Ich habe das auch in R geschrieben, was mir eine etwas andere Antwort gibt, die ich nicht weiß warum?
library(glmnet)
library(lars)
library(pracma)
set.seed(1)
k = 2 # number of features selected
n = 1000
x1x2corr = 1.1
x1 = seq(n) + rnorm(n, 0, 1) + 50
x2 = x1*x1x2corr + rnorm(n, 0, 2) + 500
y = x1 + x2
filter_out_label <- function(col) {col!="y"}
alphas = logspace(-5, 6, 100)
for (alpha in alphas){
k = 10
optimal_alpha = NULL
folds <- cut(seq(1, nrow(df)), breaks=k, labels=FALSE)
total_mse = 0
min_mse = 10000000
for(i in 1:k){
# Segement your data by fold using the which() function
testIndexes <- which(folds==i, arr.ind=TRUE)
testData <- df[testIndexes, ]
trainData <- df[-testIndexes, ]
fit <- lars(as.matrix(trainData[Filter(filter_out_label, names(df))]),
trainData$y,
type="lasso")
# predict
y_preds <- predict(fit, as.matrix(testData[Filter(filter_out_label, names(df))]),
s=alpha, type="fit", mode="lambda")$fit # default mode="step"
y_true = testData$y
residuals = (y_true - y_preds)
mse=sum(residuals^2)
total_mse = total_mse + mse
}
if (total_mse < min_mse){
min_mse = total_mse
optimal_alpha = alpha
}
}
print(paste("the optimal alpha is ", optimal_alpha))
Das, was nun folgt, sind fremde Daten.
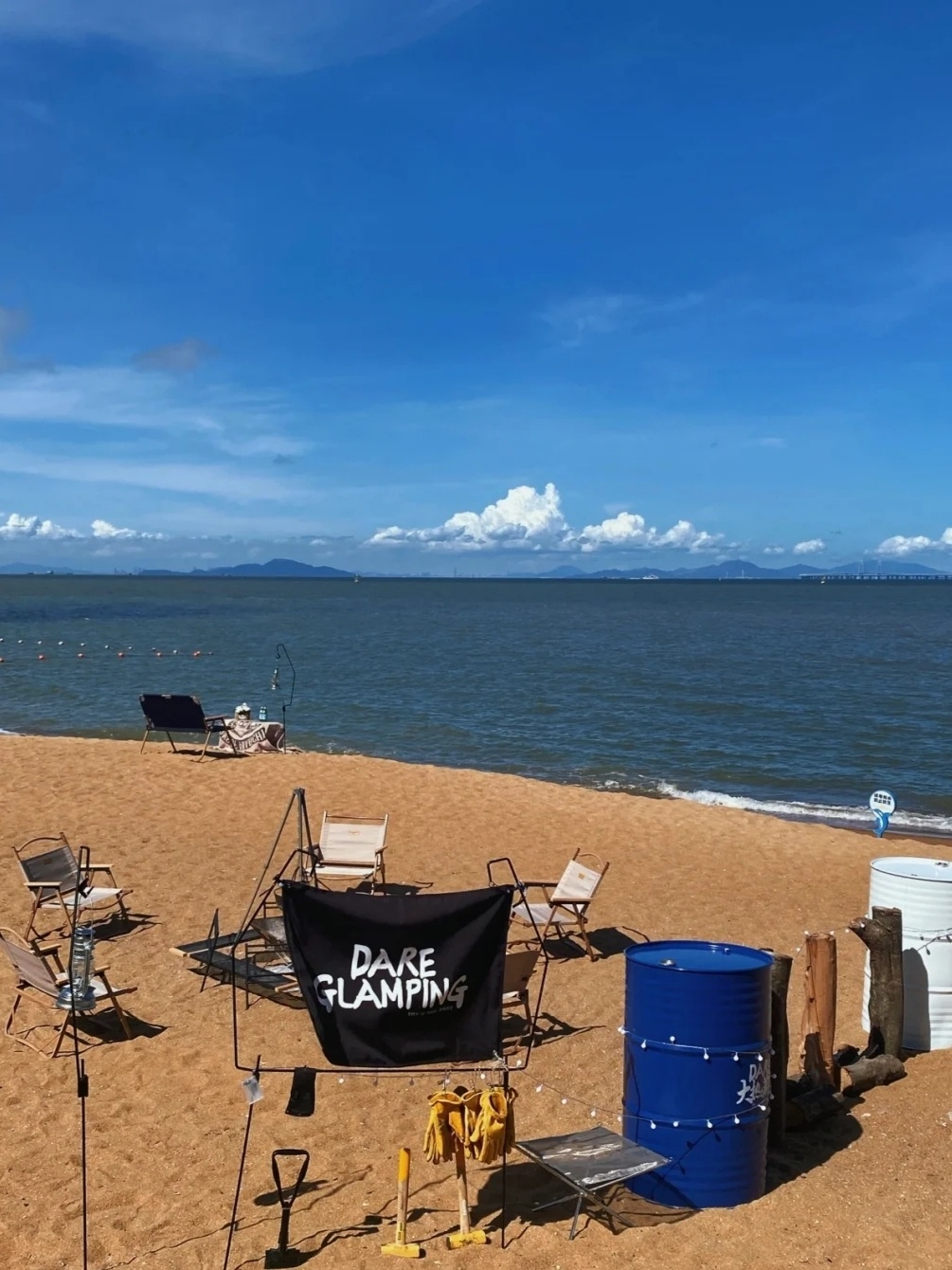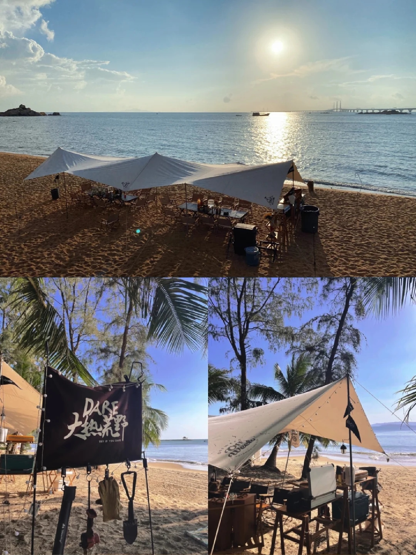 不出省也能拥有明星三亚同款沙滩露营!🥳九洲岛营地对岸就是港珠澳大桥🌁,岛上悠闲露营,收获搭建帐篷体验(有教练指导)✅,帐篷内的用品由团队准备,非常齐全~ 晚上的氛围简直绝绝子,一个人呆着也很舒服~沙滩上的海边日出🌅和日落🌇足够让人心动🥰🥰,还可以去岛上转转打卡不一样的风景📸📸

Die Ausgabe des obigen R-Codes lautet:
> source('~.....')
[1] "the optimal alpha is 1e+06"
Unabhängig davon, was ich für die Zeile " alphas = logspace(-5, 6, 100)
" eingestellt habe, erhalte ich immer den höchsten Wert für Alpha zurück.
Ich denke, hier gibt es tatsächlich zwei verschiedene Fragen:
Warum ist der Alpha-Wert für die in Python geschriebene Version so instabil?
Warum gibt mir die in R geschriebene Version ein anderes Ergebnis? (Mir ist klar, dass sich die
logspace
Funktion vonR
bis unterscheidetpython
, aber die eingeschriebene VersionR
gibt mir immer den größten Wertalpha
für den optimalen Alpha-Wert, während die Python-Version dies nicht tut).
Es wäre toll, diese Dinge zu wissen ...
fit_intercept
Parameter beim Erstellen des Lasso-Modells zu verwenden.